Second thing, you've got to be crystal clear. For people who aren't around and are missing those weak ties and those
unplanned interactions, you've got to be crystal clear, your vision, your mission, your priorities. If you can't be crystal clear
in your priorities as the leader, then you're going to have a really hard time holding people accountable for their own
priority. So, you have to be crystal clear, plans, priorities, milestones, vision, mission, all those things.
The third thing is avoid creating two classes or two tiers of employees. It's natural because we're humans. It's natural to
be closer to people that we see live and in person versus people that just sort of report in virtually. So, you really need to
be careful that the people who elect to work from home and that you allow to work from home, that you're including
them in meaningful ways so they don't feel like they're left out of company activities and interaction.
The fourth thing, you've got to have a working from home policy. You're going to have to formalize it. There are going to
be people who try to take advantage, and there are going to be employees who perceive that other people are trying to
take advantage. So be crystal clear and have a formal written working from home policy as we go forward.

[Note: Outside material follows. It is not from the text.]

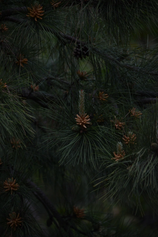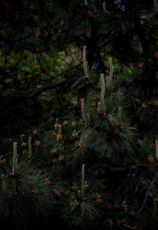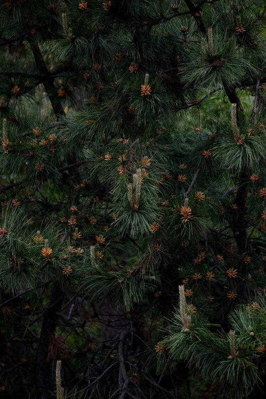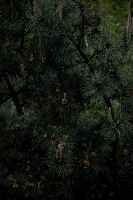 满地松花粉的罪魁祸首。站在朝山侧的房间里看到了屋后的一小片松林,逐举起相机。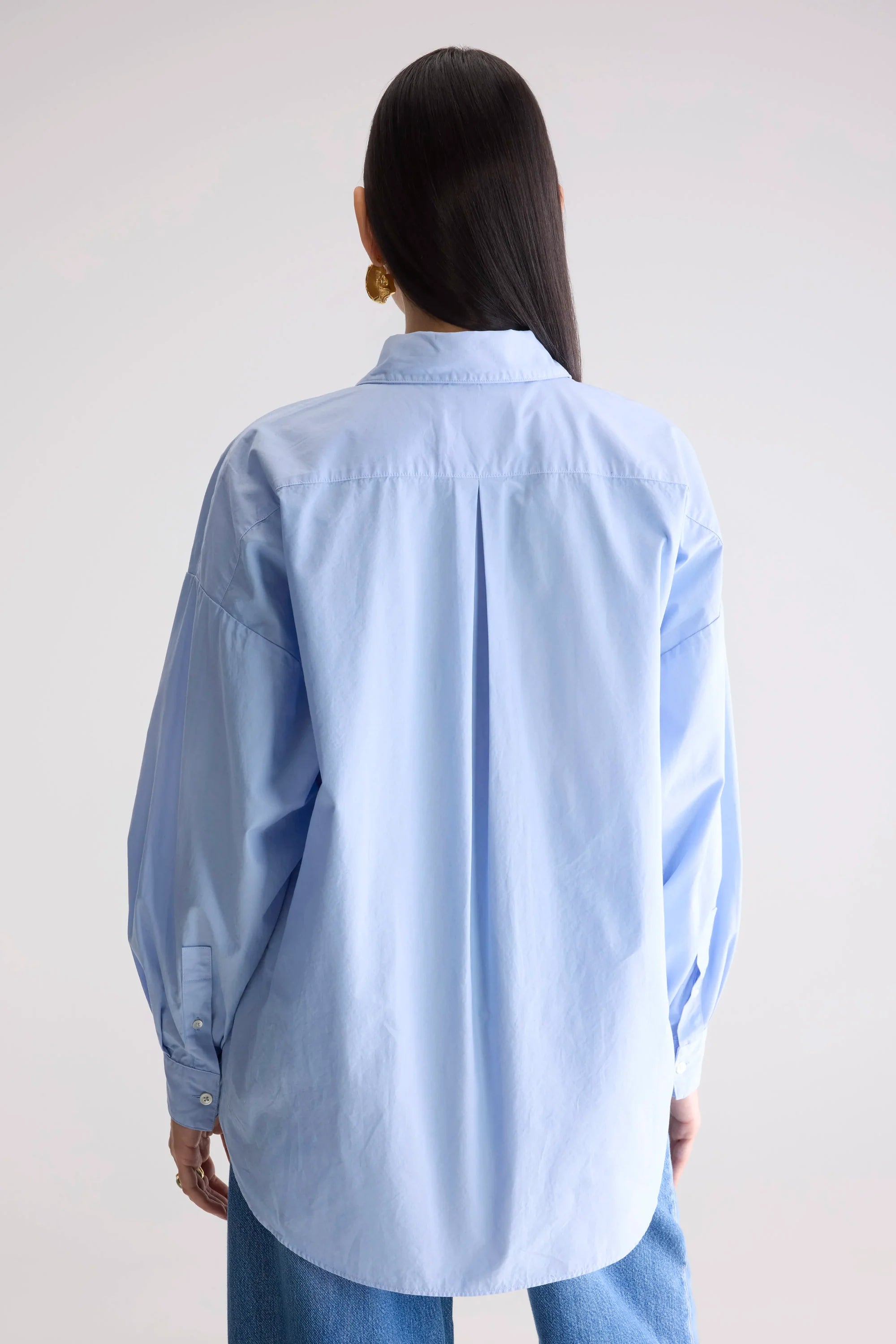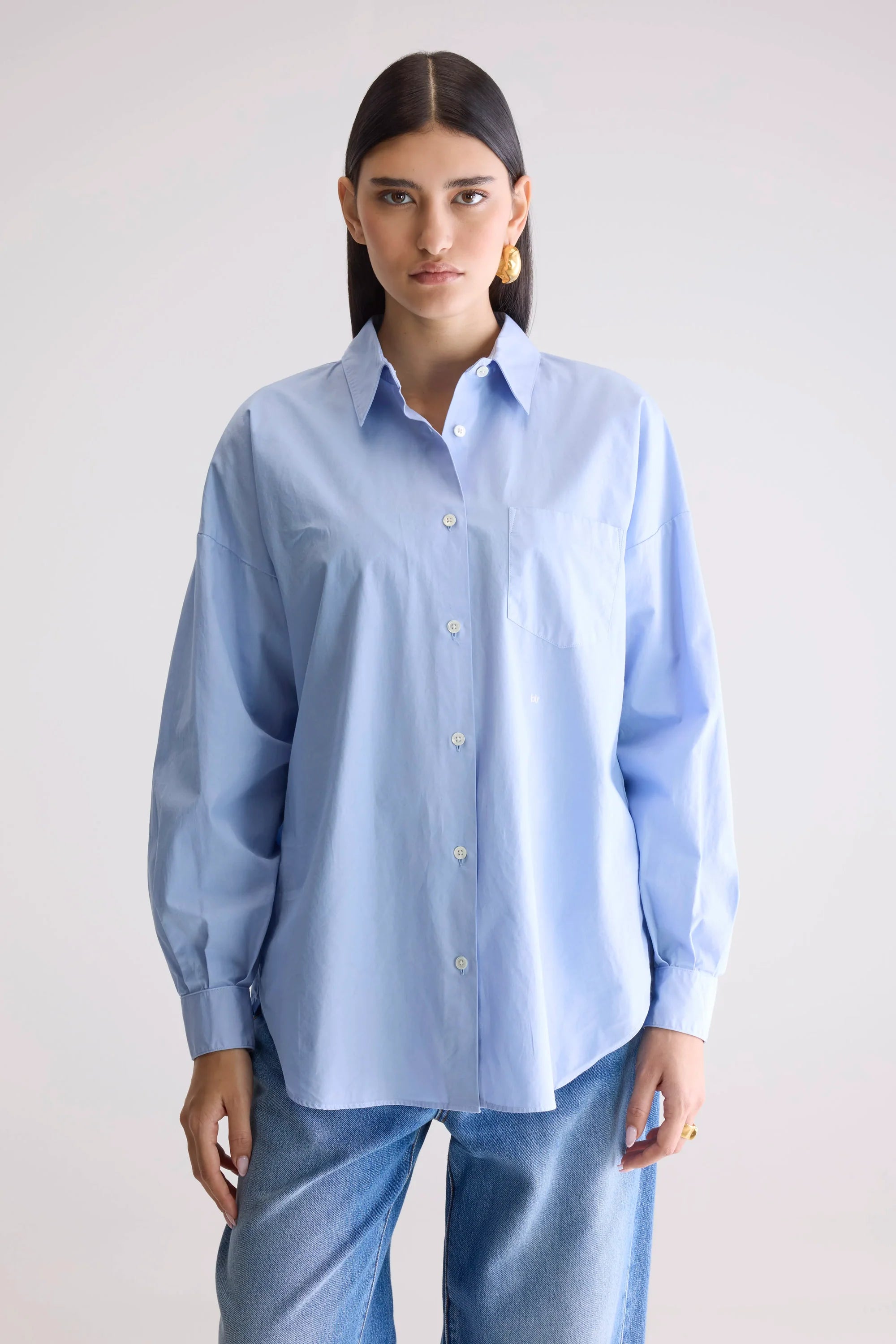 Oversized button-up shirt with long sleeves, a shirt collar and patched front pocket, made from light blue cotton poplin.

And then finally, number five, establish your communications rhythms. We have an all hands once a week meeting, some
virtually now, right? But that is very important to us just to remain cohesive as a group, because we've got people flying
all around the country and people doing work in far flung locations. And so, having that touch point, that every single
week meeting that people can count on, where we do get to cut up and share some soft things, as well as the agenda
items that we have, is super important to us.
So, I'd like to hear what you're doing to normalize things as we cope with this virtual world that we live in now and I'd like
to hear your philosophy on returning to the office. This is Wayne Rivers at Yhe Family Business Institute. Thank you.